Wednesday, April 17, 2013

Relationship education: Scott Stanley responds

Stanley, one of the developers of the popular PREP program, offers a more optimistic view of the Building Strong Families study's Oklahoma City data.                                                                                                                                                                                                                                                                                                            

People in Bad MergentheimI posted last week about the disappointing 3-year results of the Building Strong Families study, a major study of relationship education involving more than 5,000 families at nine sites around the country.

Scott Stanley, one of the developers of the PREP relationship education course and a (quite deservedly) well-respected name in relationship and marriage research, wrote me in response, offering a more optimistic look at the site-specific data from the study's Oklahoma City location. He kindly granted permission for me to post his letter, in its entirety, here. The emphasis added is mine and I've plugged in some links, but otherwise left his writing unchanged:

Dear Ben,

Just read your post on BSF in OK. You raise important points like those raised by others.

I wanted to argue the other side a bit, particularly about the Oklahoma finding at 36 months in the BSF study. I won't take the space to do it fully in this comment, but I would refer your readers to a blog post I did on the 36 month findings in light of a similar critique by Andrew Cherlin in the last week of 2012. The piece (my blog piece) links to Cherlin's critique and several other interesting pieces that your readers may appreciate. Andrew Cherlin has read my piece on his critique, and I believe he has changed his mind about the importance of the stability finding in OK at 3 years out. (see links here and below)

The key point is simply this: As I explain in my piece, what you refer to a small difference in family stability is actually a 20% increase in family stability for these most vulnerable families 3 years later (49% in the program group vs. 41% in the control group, of families where the children born lived continuously with both parents over the three year follow-up period, which is a 20% improvement of the intervention group over the control group).

What you, as so many others, are likely unaware of is that the evidence for most government social programs (or other programs for that matter) is dismal (I also make this point in my piece).
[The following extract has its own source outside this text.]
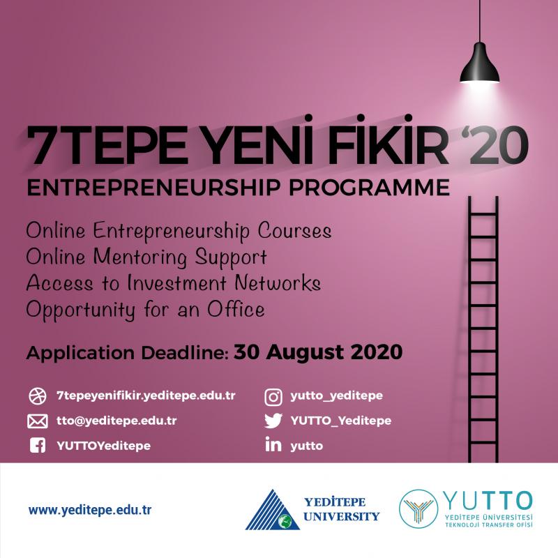 YUTTO is looking for technology entrepreneurs of Yeditepe, who will also be supported with online entrepreneurship courses and mentorship. Applications have started for 7Tepe Yeni Fikir 2020 (New Ideas 2020) Entrepreneurship Acceleration Program. Apply to us until 30th of August with an innovative business idea and let us make it a commercial reality together!

I give some suggestions for how people can look such things up in my piece as well.

This OK BSF finding is actually rather extraordinary, and it is unlike findings in most all evaluations of government programs, especially evaluations of initial efforts--it is significant, relatively large (this is not a small difference on such an outcome in a policy study), and it is on what is easily argued the single most important type indicator relevant to this study context and family policy. It is also not at all unusual to get earlier impacts on things that can change more immediately that may (as in this case) set up longer term, more important outcomes.

You may not be impressed with that finding, but there are those who know government evaluations quite well who find it remarkable. However, it is true that among people who have been critics of these fledgling efforts, the desire has clearly mostly been to focus on the pooled results across sites where the story is not positive.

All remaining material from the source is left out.